Published online by Cambridge University Press: 05 October 2022
This essay comments on the “new cultural history” of Mexico and the debate recently conducted between critics and protagonists of the genre in the Hispanic American Historical Review. After a scene-setting preamble, the essay consists of three substantive parts. First, in considering what the new cultural history is and what degree of novelty it might claim, the essay identifies and critiques seven features of the genre: its concern for subalterns, agency, political engagement, the reinsertion of politics, mentalities, texts, and interdisciplinary influences. Second, the essay addresses the style and semantics of the new cultural history, in particular its penchant for buzzwords and jargon. Third, the article turns to the major critic of the genre, Stephen Haber, and considers his preferred alternative (so-called scientific history). The essay argues that while Haber's critique is often persuasive, it is also in places misconceived, perhaps exaggerated, and tending toward a narrow positivism.
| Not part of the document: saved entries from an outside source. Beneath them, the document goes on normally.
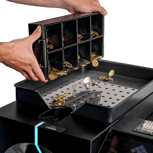 • Self-sealing stacking bag in overflow safe eliminates the need for cassettes and onsite de-cashing
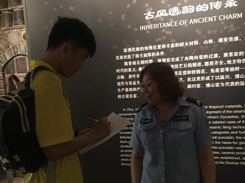 7月18日上午,乐淘陶实践团走进淄博市张店区琉璃陶瓷馆,开展馆内访谈调研活动。进一步调查淄博陶瓷馆的员工和游客对淄博陶瓷文化的传承和发展状况的看法,以获得馆内人员对未来淄博陶瓷文化发展设想的第一手资料。
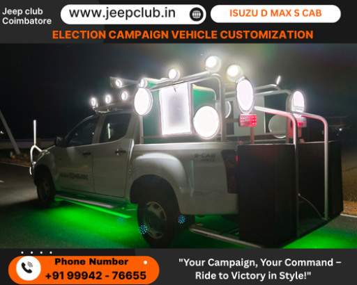 Election season in Tamil Nadu is more than speeches and banners — it’s about visibility, mobility, and reaching every corner of the state. Whether you are from BJP, DMK, INC, AAP, or standing independently, your campaign needs a vehicle that speaks before you do. At JC Customization Coimbatore, we specialize in converting Thar, Bolero, Force Traveller, and pickup trucks into fully-loaded campaign vehicles tailored for your ground strategy. From Tata and Mahindra to Isuzu, Toyota, Eicher, and Leyland, we modify all major Indian campaign vehicles with the tools you need to connect with your voters — loudspeakers, LED displays, rally
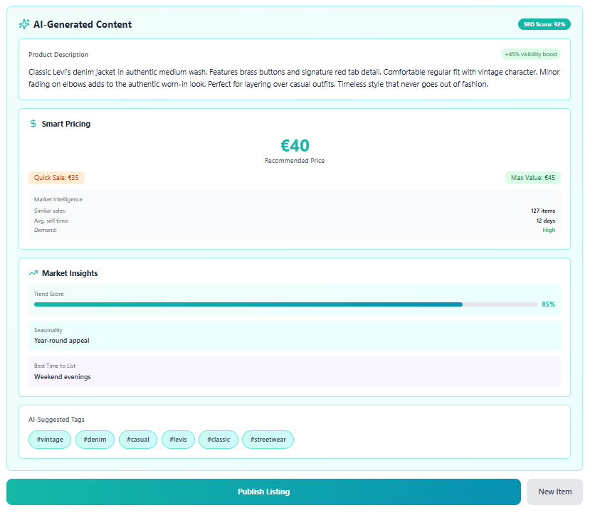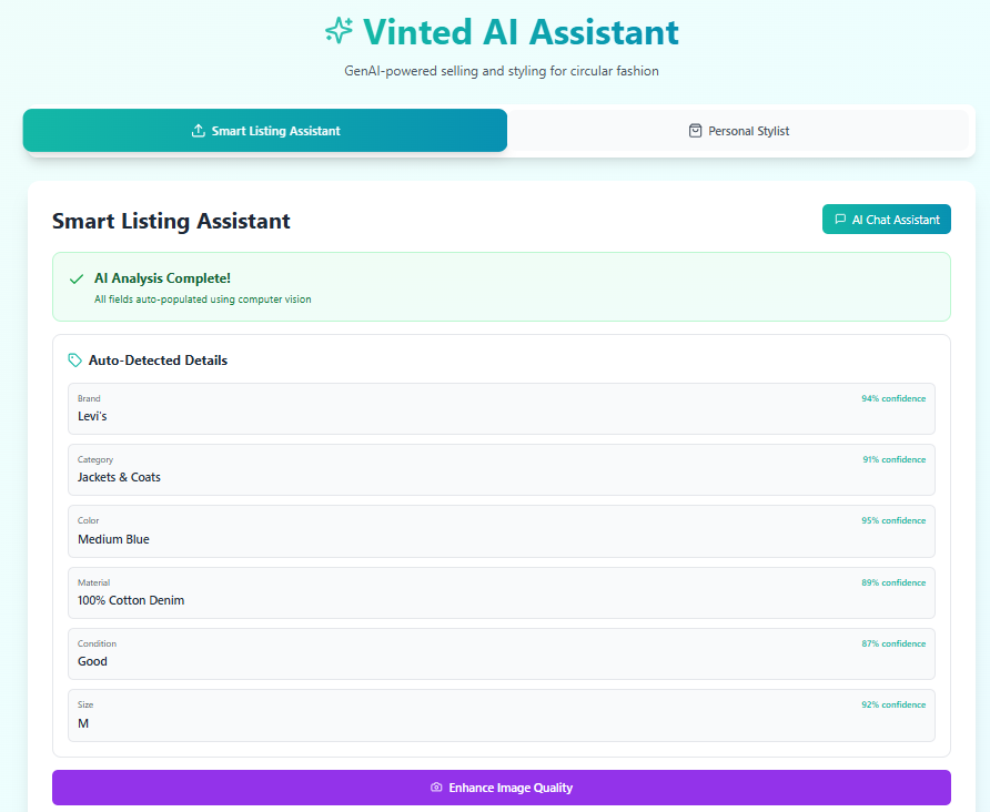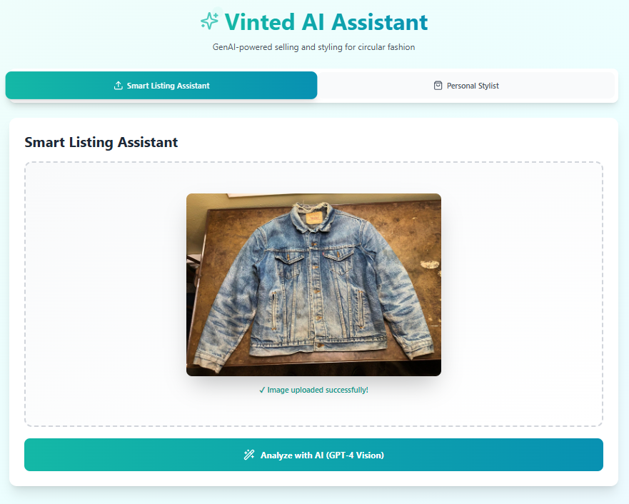 When building the prototype on the seller side, automation tools such as image recognition, AI-generated product descriptions, and dynamic pricing recommendations reduce the hassle of listing items, encouraging more users to sell rather than throw away unwanted clothing. On the buyer side, intelligent discovery and outfit completion recommendations transform the platform into a personalized styling ecosystem that promotes reuse and creative combination of existing garments. Together, these innovations help extend the lifecycle of clothing and make sustainable fashion more accessible and appealing to a broader audience, aligning the profitability of Vinted with positive environmental impact.
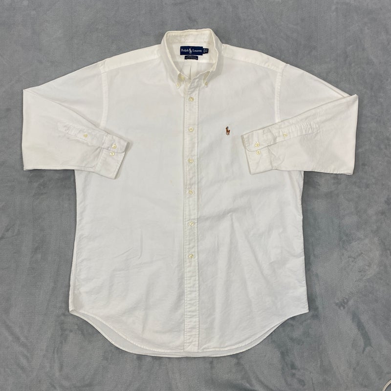 Vintage Ralph Lauren YARMOUTH Shirt Men 16 1/2 White Cotton Oxford Blue Label
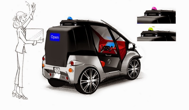 1. The Smart INSECT's front-mounted motion sensors use facial-recognition technology to detect and authenticate a driver registered with the vehicle when he or she approaches.
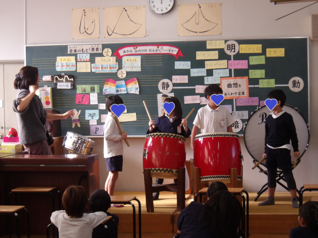 その流れで、和太鼓を打ちました。音やリズムを、声で表してから打ちました。
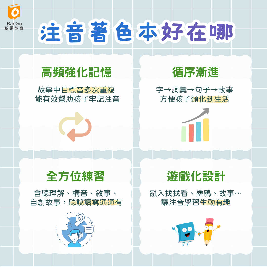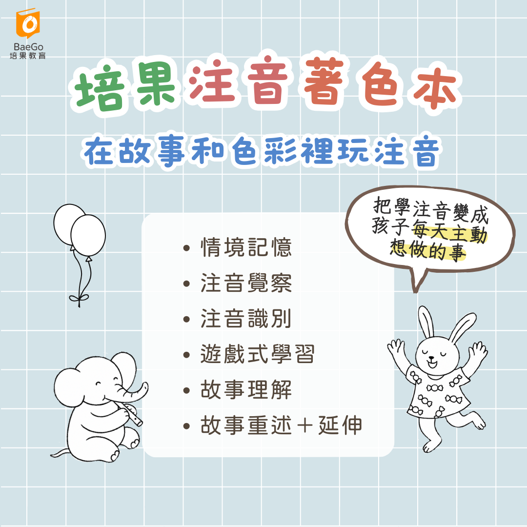 把注音的「學習」悄悄藏進孩子最愛的畫畫、故事與遊戲裡,把學注音變成孩子每天主動想做的事!
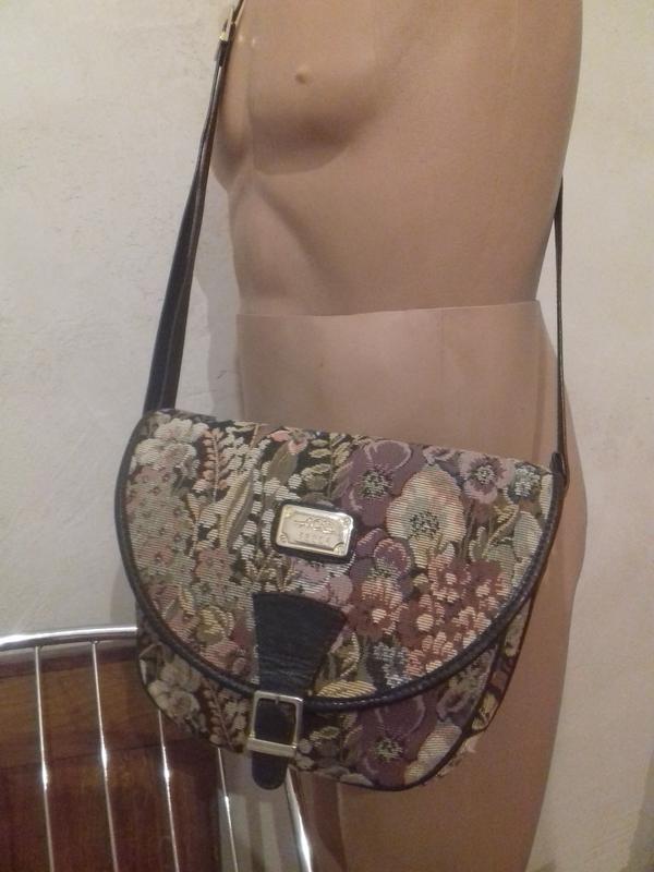 Отличная винтажная сумка .Ткань и натуральная кожа.В отличном состоянии.длинная ручка-110см.ручка регулируется.В нутри одно отделение и карман на замке.Высота-22см.длина 28см.

Historiography, the essay unoriginally concludes, need not be falsely polarized between narrow positivism and fashionable postmodernism.
This essay was written in response to a request for reflections on current Latin American historiography, which formed part of a cross-disciplinary panel organized by Ruth Berins Collier at the Latin American Studies Association Congress in Miami, 16–18 March 2000. I mention this origin in part to “contextualize” the essay, in part to explain its motivation, which has nothing to do with personal likes and dislikes.